BEGIN Input material

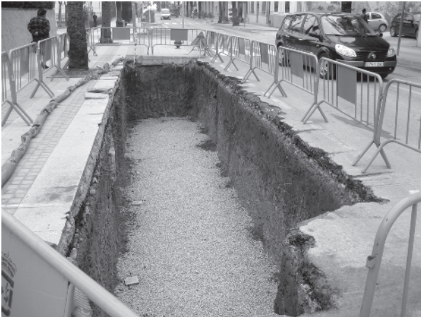
Preparació per a instal·lar els contenidors soterrats.
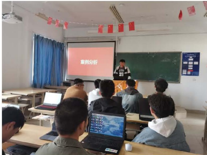
图3 学生代表对案例分析发言

此处融入思政元素：从褚橙文案海报，教育学生85岁的褚时健老人，把跌倒当成了爬起，面对人生的波澜，他流过泪，也曾黯然神伤，但是他锲而不舍的励志精神、不服老、不服输的创业精神值得我们学习。
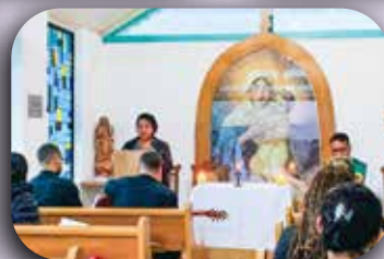
CEI Padre Dehon.
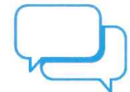
Je donne et je prends des nouvelles de mes proches
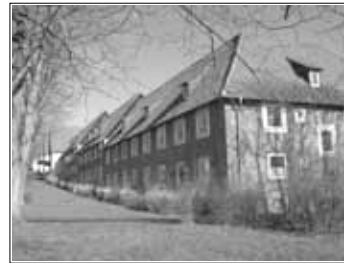
Der Burghof noch im „alten Kleid“

wir uns bei Bedarf um Küche und Fußböden und passen den Wohnraum den Mieterwünschen an. Die Wohnungen werden gestrichen und modernisiert. „Wegen der vielen Neuvermietungen an Familien und zu Semesterbeginn an Studenten haben wir vor allem im September und Oktober viel Zeit und Geld in die Wohnungen investiert“, so Hoffmann. Die Außensanierung am Burghof musste verschoben werden, weil die Witterung ab November Arbeiten an der Fassade unmöglich macht. Das Unternehmen investiert insgesamt 2,5 Millionen Euro in die Wohnanlage, um die Siedlung langfristig als attraktiven Standort zu etablieren.
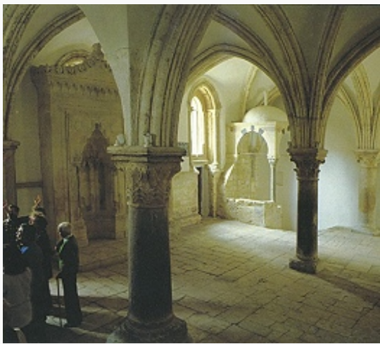
Сионская горница (т. н. Сенакулум).

Богородицы (Неа, 543). В арм. квартале находятся кафедральный собор Св. Иакова Старшего (12 в.) и Армянский патриархат. Здесь открыты остатки дворца Ирода I и королевского дворца эпохи крестоносцев.

END Input material

**Task goal**
All of the entries must be reproduced exactly, with no pictures kept.

**Answer to the exercise**
Preparació per a instal·lar els contenidors soterrats.
图3 学生代表对案例分析发言

此处融入思政元素：从褚橙文案海报，教育学生85岁的褚时健老人，把跌倒当成了爬起，面对人生的波澜，他流过泪，也曾黯然神伤，但是他锲而不舍的励志精神、不服老、不服输的创业精神值得我们学习。
CEI Padre Dehon.
Je donne et je prends des nouvelles de mes proches
Der Burghof noch im „alten Kleid“

wir uns bei Bedarf um Küche und Fußböden und passen den Wohnraum den Mieterwünschen an. Die Wohnungen werden gestrichen und modernisiert. „Wegen der vielen Neuvermietungen an Familien und zu Semesterbeginn an Studenten haben wir vor allem im September und Oktober viel Zeit und Geld in die Wohnungen investiert“, so Hoffmann. Die Außensanierung am Burghof musste verschoben werden, weil die Witterung ab November Arbeiten an der Fassade unmöglich macht. Das Unternehmen investiert insgesamt 2,5 Millionen Euro in die Wohnanlage, um die Siedlung langfristig als attraktiven Standort zu etablieren.
Сионская горница (т. н. Сенакулум).

Богородицы (Неа, 543). В арм. квартале находятся кафедральный собор Св. Иакова Старшего (12 в.) и Армянский патриархат. Здесь открыты остатки дворца Ирода I и королевского дворца эпохи крестоносцев.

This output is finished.